Mon Feb 28
1001 SE Morrison
Despite the name, Brooklyn's Grizzly Bear don't flash piercing fangs in song; they're a different sort of animal, more befitting of the cozy warmth of self-imposed hibernation than snarling assaults. Frontman Edward Droste's hushed 6:00 a.m. confessions hang in a delicate fog over the gossamer instrumentation blowing sweet psych-folk breezes around him. The group has fleshed out its membership as gently as the musicians layer instrumental tracks with soft electronic stutters and modern-day field recordings, moving from Droste's solo bedroom experiments to a trio that includes Christopher Bear and Chris Taylor.

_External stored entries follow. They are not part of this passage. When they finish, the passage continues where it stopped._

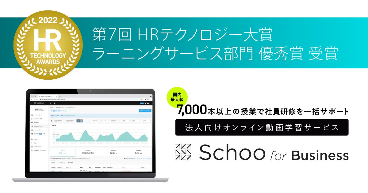 「今学びたい学習コンテンツに出会える」をコアバリューとし、社会人向け学習動画を約7,000本提供。ビジネスマナーやスキル、営業・プログラミング・デザインの実務スキルについてオンライン動画にて持続的な学習環境を提供することで導入企業は累計2,500社を突破。学習動画を元にした研修カリキュラムの提供やレポート提出、利用者の学習時間・学習傾向から興味のある分野を分析可能。オンライン集合学習機能も搭載。自発型学習による社員一人ひとりの潜在した可能性との出逢い、成長の機会の提供に役立てられている。オンライン学習サービス調査で4部門1位を獲得(http://corp.schoo.jp/2021/02/0218_press/)。
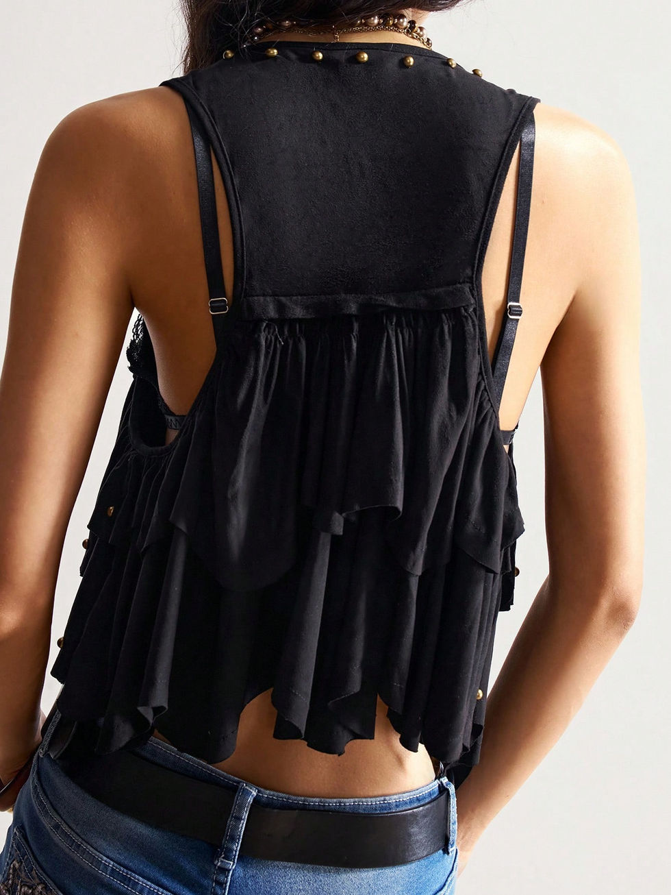 Bohemela Regata Casual Feminina de Tecido Trançado com Decoração de Miçangas e
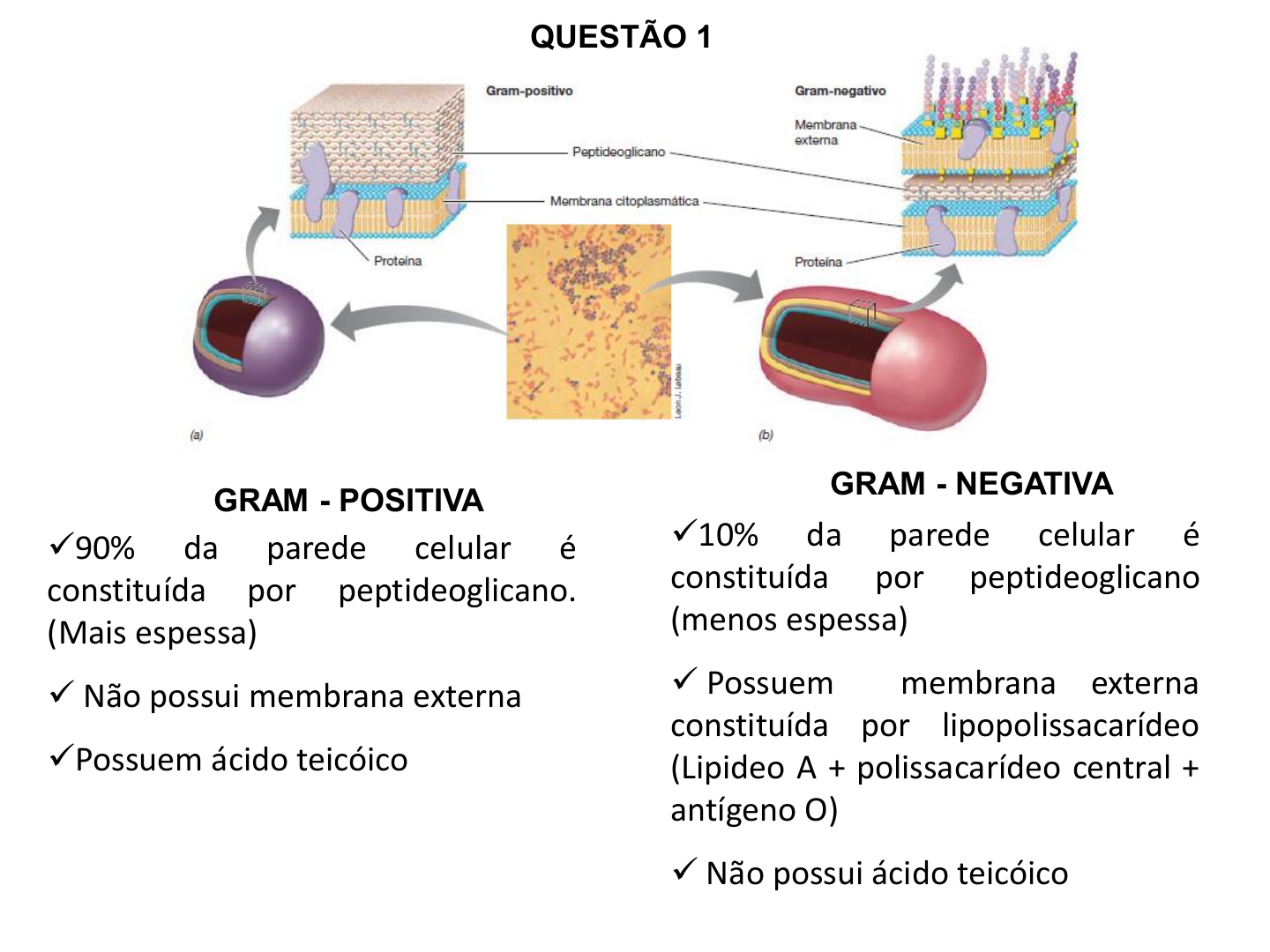 <p>✓90% da parede celular é</p><p>constituída por peptideoglicano.</p><p>(Mais espessa)</p><p>✓ Não possui membrana externa</p><p>✓Possuem ácido teicóico</p><p>✓10% da parede celular é</p><p>constituída por peptideoglicano</p><p>(menos espessa)</p><p>✓ Possuem membrana externa</p><p>constituída por lipopolissacarídeo</p><p>(Lipideo A + polissacarídeo central +</p><p>antígeno O)</p><p>✓ Não possui ácido teicóico</p><p>GRAM - POSITIVA</p><p>GRAM - NEGATIVA</p><p>QUESTÃO 1</p><p>um complexo insolúvel</p><p>de cristal violeta-iodo se</p><p>forma no interior da</p><p>célula.</p><p>Gram+ apresentam</p><p>paredes celulares</p><p>espessas, sendo</p><p>desidratada pelo álcool,</p><p>promovendo o</p><p>fechamento dos poros e</p><p>impedindo a remoção do</p><p>complexo insolúvel de</p><p>cristal violeta-iodo.</p><p>Nas bactérias gram-</p><p>negativas, o álcool</p><p>penetra rapidamente na</p><p>membrana externa rica</p><p>em lipídeos, extraindo o</p><p>complexo cristal violeta-</p><p>iodo da célula.</p><p>um complexo insolúvel</p><p>de cristal violeta-iodo se</p><p>forma no interior da</p><p>célula.</p><p>FUNGOS FILAMENTOSOS</p><p>Unidade estrutural = HIFA</p><p>Conjunto de hifas = MICÉLIO</p><p>Tipos morfológicos básicos</p><p>LEVEDURAS</p><p>Células arredondadas - Fungos unicelulares, não filamentosos,</p><p>caracteristicamente esféricas ou ovais.</p><p>Fungos Dimórficos</p><p>Apresenta as duas formas de crescimento.</p><p>O dimorfismo de fungos patogênicos é dependente de temperatura –</p><p>37°C, forma de levedura e sob temp de 25°C, forma de fungo</p><p>filamentoso.</p><p>QUESTÕES 2, 3, 4, 5, e 6</p><p>Quando encontram condições favoráveis ao seu crescimento, como:</p><p>calor, umidade persistente na superfície da pele, baixa de</p><p>imunidade ou uso de antibióticos sistêmicos por longo prazo</p><p>(alteram o equilíbrio da pele), defeitos imunológicos, imaturidade,</p><p>envelhecimento e desnutrição, exposição a uma grande quantidade</p><p>de esporos fungicos, tecidos traumatizados.</p><p>Mecanismos envolvidos em doenças fúngicas: invasão tecidual</p><p>(micose), produção de toxina, indução de hipersensibilidade.</p><p>Adaptações nutricionais</p><p>Os fungos são geralmente adaptados a ambientes que poderiam</p><p>ser hostis a bactérias.</p><p>✓ Os fungos crescem melhor em pH próximo a 5.</p><p>✓ Quase todos os fungos são aeróbios. A maioria das leveduras é</p><p>anaeróbia facultativa.</p><p>✓ A maioria dos fungos é mais resistente a pressão osmótica que as</p><p>bactérias, muitas consequentemente, podem crescer em</p><p>concentrações relativamente altas de açúcar e sal.</p><p>✓ Os fungos podem crescer sobre substancias com baixo grau de</p><p>umidade</p><p>Didaticamente, podemos dividir as micoses em grupos:</p><p>- Micoses superficiais</p><p>- Micoses cutâneas cutâneas dermatofitoses</p><p>- Micoses subcutâneas: pele e tecido conjuntivo</p><p>- Micoses sistêmicas: principalmente órgãos internos</p><p>- Micoses oportunistas</p><p>Classificação das micoses</p><p>Quando encontram condições favoráveis ao seu crescimento, como: calor,</p><p>umidade, baixa de imunidade ou uso de antibióticos sistêmicos por longo</p><p>prazo (alteram o equilíbrio da pele), estes fungos se reproduzem e passam</p><p>então a causar a doença.</p><p>PIEDRA BRANCA</p><p>Nódulos irregulares aderentes ao</p><p>pelo. Consistência pastosa e mole e</p><p>cor creme ao longo das hastes dos</p><p>pelos infectados.</p><p>PIEDRA PRETA</p><p>Nódulos fortemente aderidos aos</p><p>cabelos e que são</p><p>frequentemente confundidos com</p><p>pediculose (piolho). Diagnóstico</p><p>com microscopia direta em que se</p><p>verificam estruturas de</p><p>reprodução sexuada na lesão.</p><p>Pitiríase versicolor</p><p>As lesões tornam-se mais evidentes após exposição ao sol, em decorrência de um</p><p>contraste de cores, pois o local parasitado não se bronzeia. • •Surgem manchas</p><p>brancas, eritematosas ou acastanhadas, geralmente arredondadas e com</p><p>descamação fina. Normalmente atingem costas, peito, pescoço, face, e braços</p><p>(áreas de maior produção de oleosidade). As lesões não costumam coçar .</p><p>Malassezia furfur</p><p>Obs: o fungo e lipofilico, encontrado em</p><p>áreas do corpo ricas em glândulas</p><p>sebáceas. O fungo necessita de um meio</p><p>suplementado com ácidos graxos para seu</p><p>crescimento.</p><p>Tinea preta</p><p>Manchas escuras marrom ou negras, localizadas</p><p>na palma da mão ou planta dos pés. O fungo</p><p>produz melanina.</p><p>São doenças causadas por fungos denominados dermatófitos que acometem</p><p>a pele, os pelos e as unhas, e cuja característica é a sua afinidade pela</p><p>queratina presente nesses locais.</p><p>Habilidade de desagregar queratina para sua nutrição, atinge estrato córneo</p><p>da pele e seus anexos, pêlos, cabelos, unhas, barba, pé , mão e região</p><p>inguinal. São doenças comuns, frequentes em crianças e adultos,</p><p>acometendo a maioria dos idosos.</p><p>A transmissão ocorre por contato pessoal, com animais (cães, gatos) ou com a</p><p>terra. O agente mais comum é o Trichophyton rubrum, que causa as lesões</p><p>nas unhas, pés e virilha. O Microsporum canis, que parasita animais, como o</p><p>gato (que pode ser portador assintomático, ou seja, não apresentar os sinais</p><p>da doença) ou o cão (que em geral apresenta lesões com queda de pelo) pode</p><p>causar lesões na pele do corpo humano.</p><p>Tinea de corpo ("impingem") - No corpo caracteriza-se por</p><p>lesões com bordas bem definidas, avermelhadas</p><p>(eritematosas), descamativas (que descascam), em forma</p><p>anular (lembram um anel) e que normalmente coçam.</p><p>Tinha do pé - É muito comum entre os indivíduos que</p><p>utilizam sapatos fechados, pode ocorrer com lesões</p><p>agudas no vão dos dedos, caracterizadas pelo mau</p><p>ch
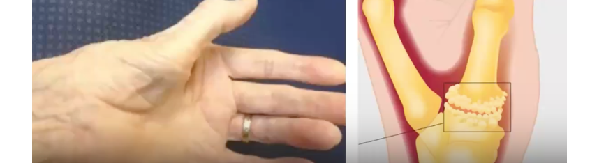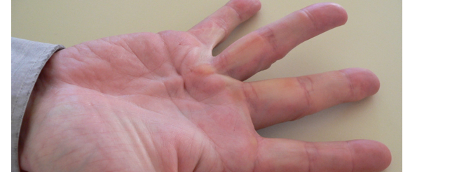 Den palmara fascian blir förtjockad (p.g.a. långvarig inflammation), ger progressiv krökning av ett eller flera fingrar, vanligen dig 4-5.
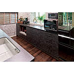 以前のカップボードの吊り戸棚はモノの出し入れが不便でしたが、今回はロータイプにしてひと目で取り出せるようになりました。戸棚を取り払ってあらわれた壁面には凹凸感のある素材をあしらい、LDK全体を好みのコーディネイトに仕上げました。

Grizzly's recent debut release, Horn of Plenty (Kanine), is a collection of what the group jokingly calls "cave-core" and plays as nicely between the new folk of Animal Collective and Sufjan Stevens as it does between such stargazing, boundary-stretching pop acts as the Beta Band and Lansing-Dreiden--although Grizzly Bear's arrangements are much quieter and more understated than the latter two artists. Clinking castanets, tinkling bells, muted handclaps, and lingering woodwinds and strings nestle up against confectionary harmonies that dissolve in acoustic-guitar melodies. Horn of Plenty is one beast worthy of cuddling, as Grizzly Bear soundtrack leisurely, introspective mornings where sentimentality flickers as warm as a campfire and pop visions descend gently as snow.